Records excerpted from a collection
____
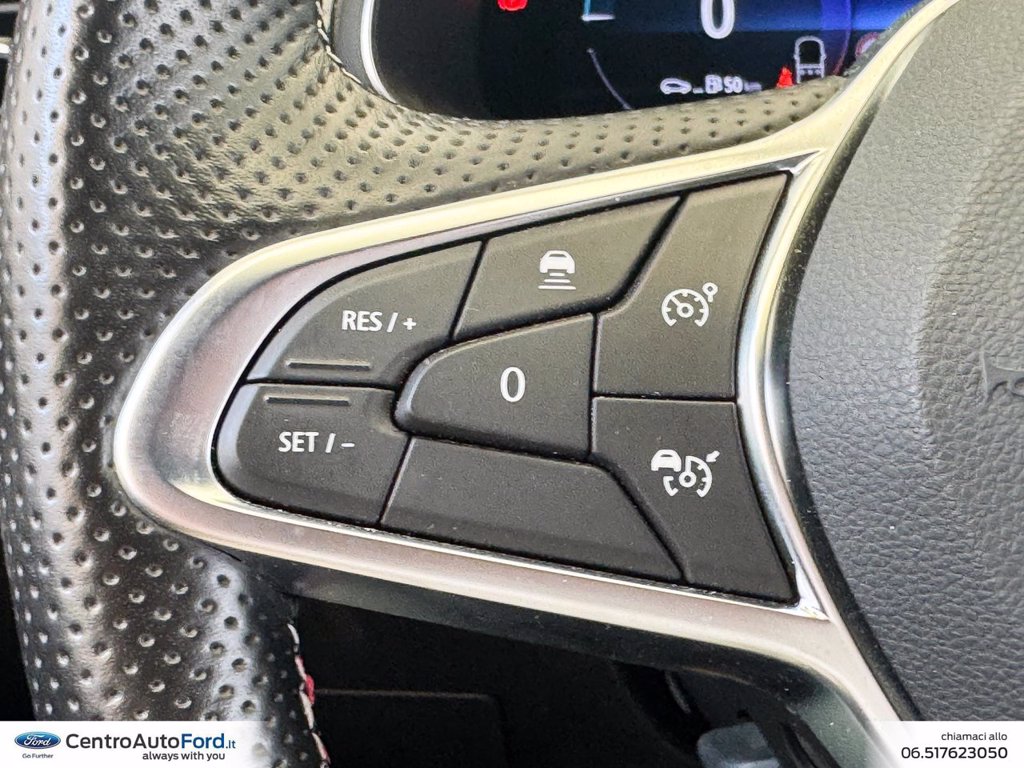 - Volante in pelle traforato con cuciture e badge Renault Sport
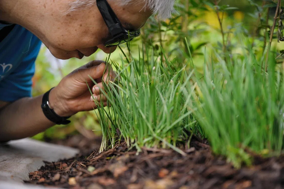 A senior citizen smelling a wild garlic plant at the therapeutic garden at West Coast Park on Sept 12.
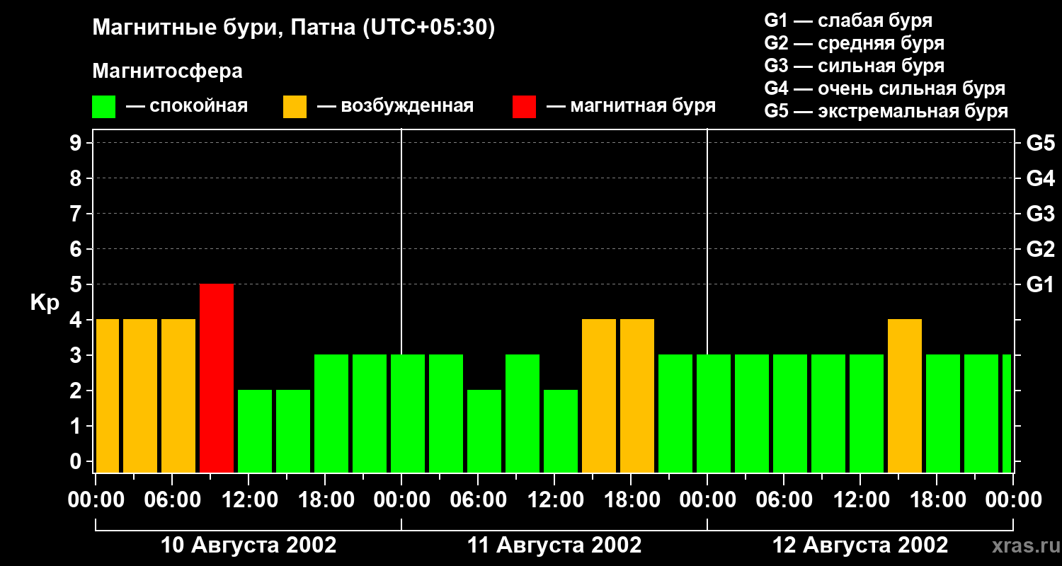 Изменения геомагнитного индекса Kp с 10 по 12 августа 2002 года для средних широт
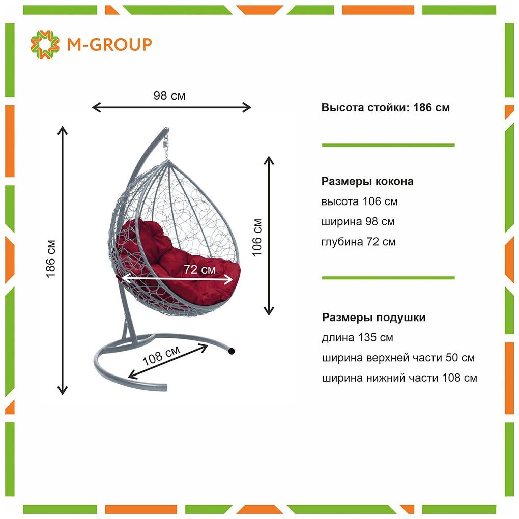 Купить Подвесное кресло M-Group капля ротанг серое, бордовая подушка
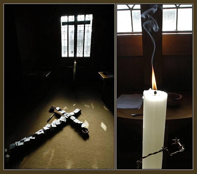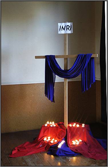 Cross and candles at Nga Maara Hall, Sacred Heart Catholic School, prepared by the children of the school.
____
TASK ITEM. Print, exactly as written, the lines above from the first one to the one containing "Изменения геомагнитного индекса". Leave out pictures.

SOLUTION TO THIS TASK.
 - Volante in pelle traforato con cuciture e badge Renault Sport
 A senior citizen smelling a wild garlic plant at the therapeutic garden at West Coast Park on Sept 12.
 Изменения геомагнитного индекса Kp с 10 по 12 августа 2002 года для средних широт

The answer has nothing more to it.